Data quality findings:

No missing values — the dataset is complete across all 8 variables.
Extreme-volume outliers exist (e.g. single deals of USD 4 million) but are legitimate large institutional trades and have been retained.
Three currencies are present: USD (~96%), EUR (~3%), and GBP (~1%).

5. Data Visualisation

Code

fx_usd <- fx |> dplyr::filter(currency == "USD")

ggplot(fx_usd, aes(x = volume_foreign)) +
  geom_histogram(aes(fill = transaction_type), bins = 40,
                 alpha = 0.8, position = "identity") +
  scale_x_log10(labels = label_comma()) +
  scale_fill_manual(values = c("Buy" = "#2196F3", "Sell" = "#FF5722")) +
  labs(
    title    = "USD Deal Volume Distribution (log scale)",
    subtitle = "Most deals cluster between USD 10,000 and USD 500,000",
    x = "Deal Volume (USD, log scale)", y = "Count", fill = "Type"
  ) +
  theme_minimal(base_size = 13)

Code

ggplot(fx_usd, aes(x = customer_type, y = volume_foreign, fill = customer_type)) +
  geom_boxplot(outlier.shape = 21, outlier.size = 2, alpha = 0.75) +
  geom_jitter(width = 0.15, alpha = 0.3, size = 1.2) +
  scale_y_log10(labels = label_comma()) +
  scale_fill_brewer(palette = "Set2") +
  labs(
    title    = "USD Deal Volume by Customer Channel",
    subtitle = "Broker channel drives the largest individual deal sizes",
    x = "Customer Channel", y = "Volume (USD, log scale)"
  ) +
  theme_minimal(base_size = 13) +
  theme(legend.position = "none")

Code

fx_usd |>
  dplyr::group_by(transaction_date, transaction_type) |>
  dplyr::summarise(avg_rate = mean(exchange_rate), .groups = "drop") |>
  ggplot(aes(x = transaction_date, y = avg_rate,
             colour = transaction_type, group = transaction_type)) +
  geom_line(linewidth = 1) +
  geom_point(size = 2, alpha = 0.7) +
  scale_colour_manual(values = c("Buy" = "#2196F3", "Sell" = "#FF5722")) +
  scale_x_date(date_labels = "%d %b", date_breaks = "1 week") +
  labs(
    title    = "Daily Average USD/NGN Exchange Rate",
    subtitle = "Sell rates consistently exceed Buy rates — the firm's spread is visible",
    x = NULL, y = "NGN per USD", colour = "Type"
  ) +
  theme_minimal(base_size = 13) +
  theme(axis.text.x = element_text(angle = 30, hjust = 1))

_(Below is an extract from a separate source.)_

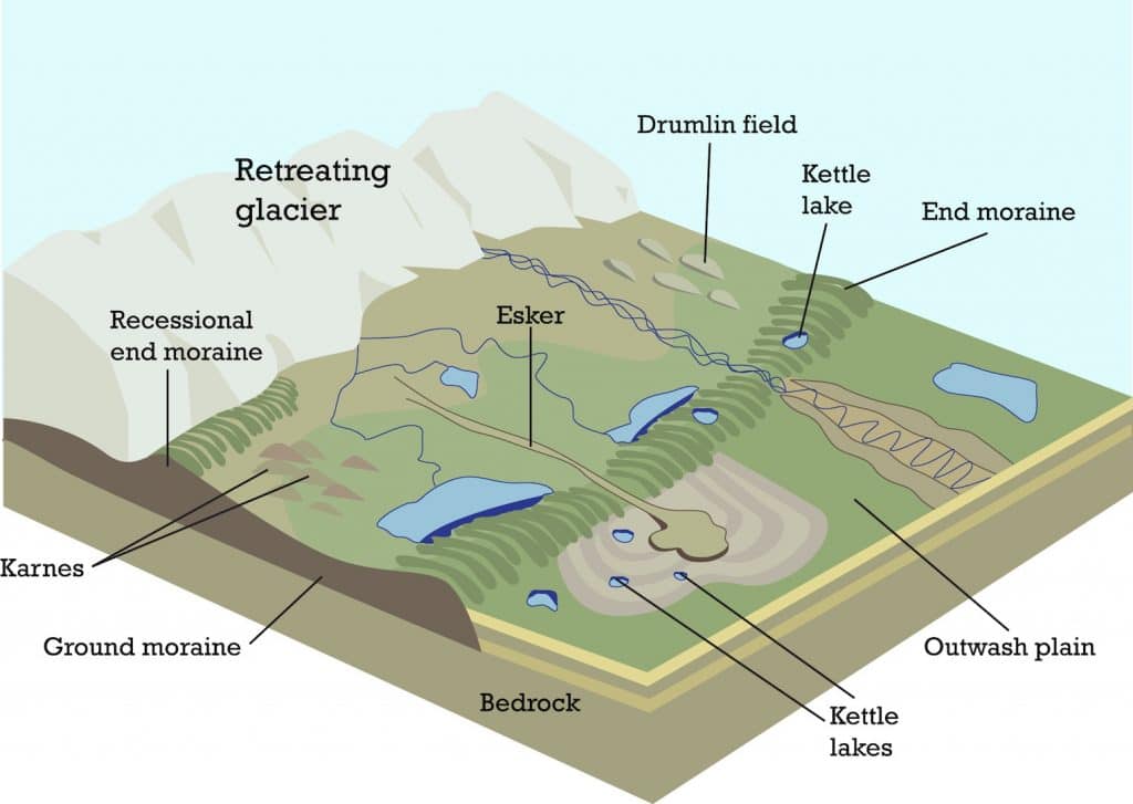 When a glacier melts, it deposits the eroded sediment, creating various landforms. These landforms remain even after a glacier has melted. A till is a mixture of sediment that is deposited directly on the surface. It’s made up of particles of many sizes. Clay, silt, sand, and boulders can all be found in a till. A moraine is a ridge formed from till deposited at the edge of glaciers. A kettle is a slight depression that forms when a chunk of ice eventually melts. Kettles often fill with water and become kettle lakes.

Fig 3 — Daily Average USD/NGN Exchange Rate Over Time

Code

fx |>
  dplyr::group_by(week, transaction_type) |>
  dplyr::summarise(total_ngn = sum(naira_value) / 1e9, .groups = "drop") |>
  ggplot(aes(x = week, y = total_ngn, fill = transaction_type)) +
  geom_col(position = "dodge", alpha = 0.85) +
  scale_fill_manual(values = c("Buy" = "#2196F3", "Sell" = "#FF5722")) +
  scale_y_continuous(labels = label_comma(suffix = " B")) +
  scale_x_date(date_labels = "%d %b", date_breaks = "1 week") +
  labs(
    title = "Weekly NGN Settlement Volume",
    subtitle = "Peak Sell week: 5 May 2026",
    x = NULL, y = "NGN (billions)", fill = "Type"
  ) +
  theme_minimal(base_size = 13) +
  theme(axis.text.x = element_text(angle = 30, hjust = 1))

Code

fx |>
  dplyr::group_by(customer_type) |>
  dplyr::summarise(total = sum(naira_value)) |>
  mutate(
    pct   = total / sum(total),
    label = paste0(customer_type, "\n", percent(pct, accuracy = 1))
  ) |>
  ggplot(aes(x = "", y = pct, fill = customer_type)) +
  geom_col(width = 1, colour = "white") +
  coord_polar(theta = "y") +
  geom_text(aes(label = label),
            position = position_stack(vjust = 0.5),
            size = 4.5, fontface = "bold") +
  scale_fill_brewer(palette = "Set2") +
  labs(title = "NGN Value Share by Customer Channel",
       subtitle = "Broker channel accounts for over 60% of total settlement value") +
  theme_void() +
  theme(legend.position = "none",
        plot.title    = element_text(size = 14, face = "bold", hjust = 0.5),
        plot.subtitle = element_text(size = 11, hjust = 0.5))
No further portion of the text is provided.